I contend that this fact is of major importance in the theology of Salvation. If—as I believe it essential to insist—the correct theology of Salvation is based on Christ’s own understanding of his mission on earth, the doctrine of the Incarnation obliges us to believe, likewise, that Christ’s understanding of his mission received its living fabric and shape from those “various ways” in which the Israelite prophets, “at various times,” foretold, expressed, and adumbrated that mission. Christ spoke most clearly on this point when he declared to his enemies,
“if you believed Moses, you would believe me, for he wrote of me” (John 5:46)
What he declared here of Moses he certainly believed to be true of the other biblical witnesses to his coming. Indeed, just before sending out his disciples to evangelize the world, he outlined the content of their preaching by reference to those witnesses:
“These are the words which I spoke to you while I was still with you, that all things must be fulfilled which were written in the Law of Moses, the Prophets, and the Psalms concerning me.”
And then, Luke tells us,
“he opened their understanding, that they might comprehend the Scriptures” (Luke 24:44-45).

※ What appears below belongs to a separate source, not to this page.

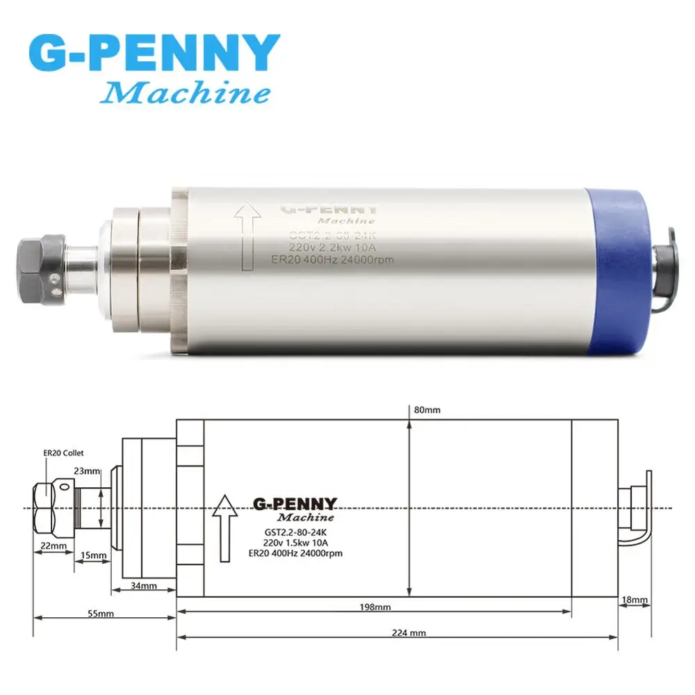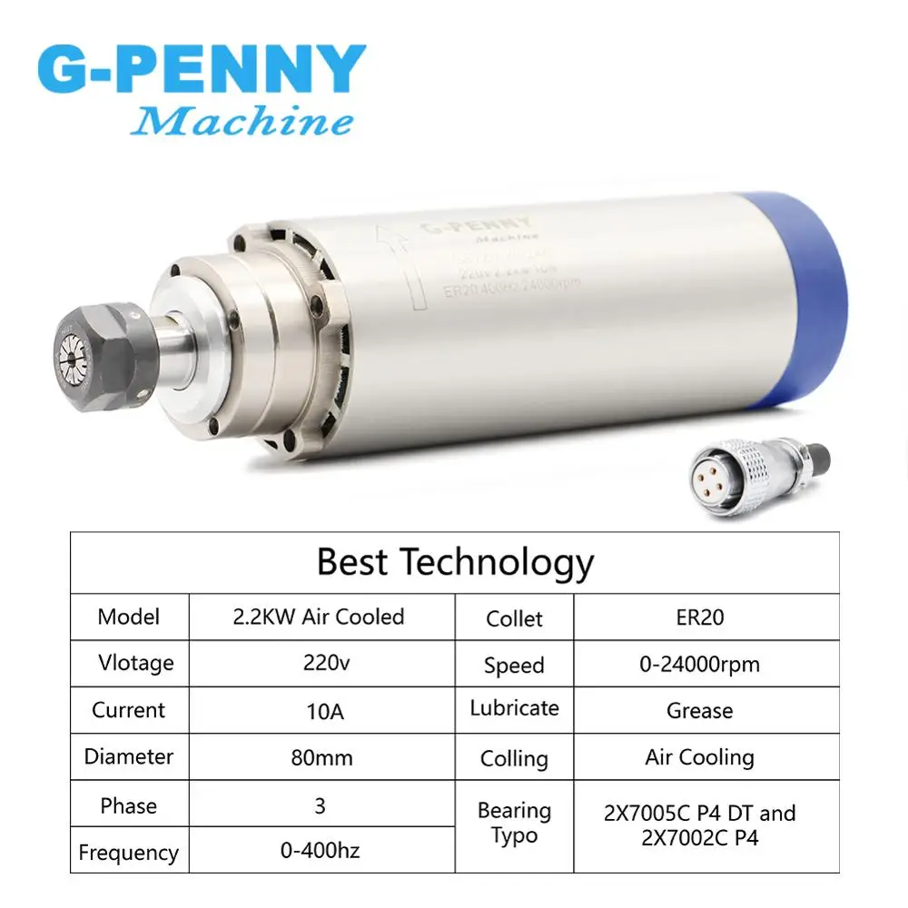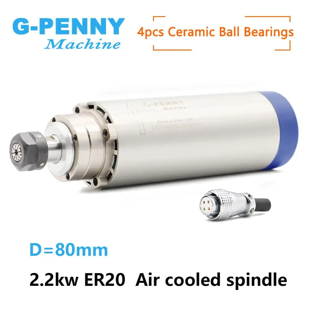 . (14% Off) Comprar Motor de husillo de fresado CNC 2,2 kw ER20 220v motor de husillo de refrigeración de aire 2.2kw refrigerado por aire 80x224mm 4 rodamientos para grabado CNC Online Baratos.

That is to say, the proclamation of the Gospel is inseparable from Christ’s understanding of the Old Testament Scriptures.
As this principle pertains to the theology of Salvation, a special importance attaches to the Old Testament theology of sacrifice, inasmuch as Jesus interpreted his death as a sacrifice offered for man’s deliverance from sin and death. Consequently, a concentrated study of Israel’s ritual worship, particularly the significance of sacrifice, is of primary importance for a proper theological understanding of what was accomplished—and how it was accomplished—on the Cross.
This aspect of Soteriology points to a more general principle that pertains to all Christian theology: It is impossible to grasp “the mind of Christ”—which is, after all, the work of Sacred Theology—apart from the teaching of the Hebrew Scriptures.
No Old Testament, no Christian theology.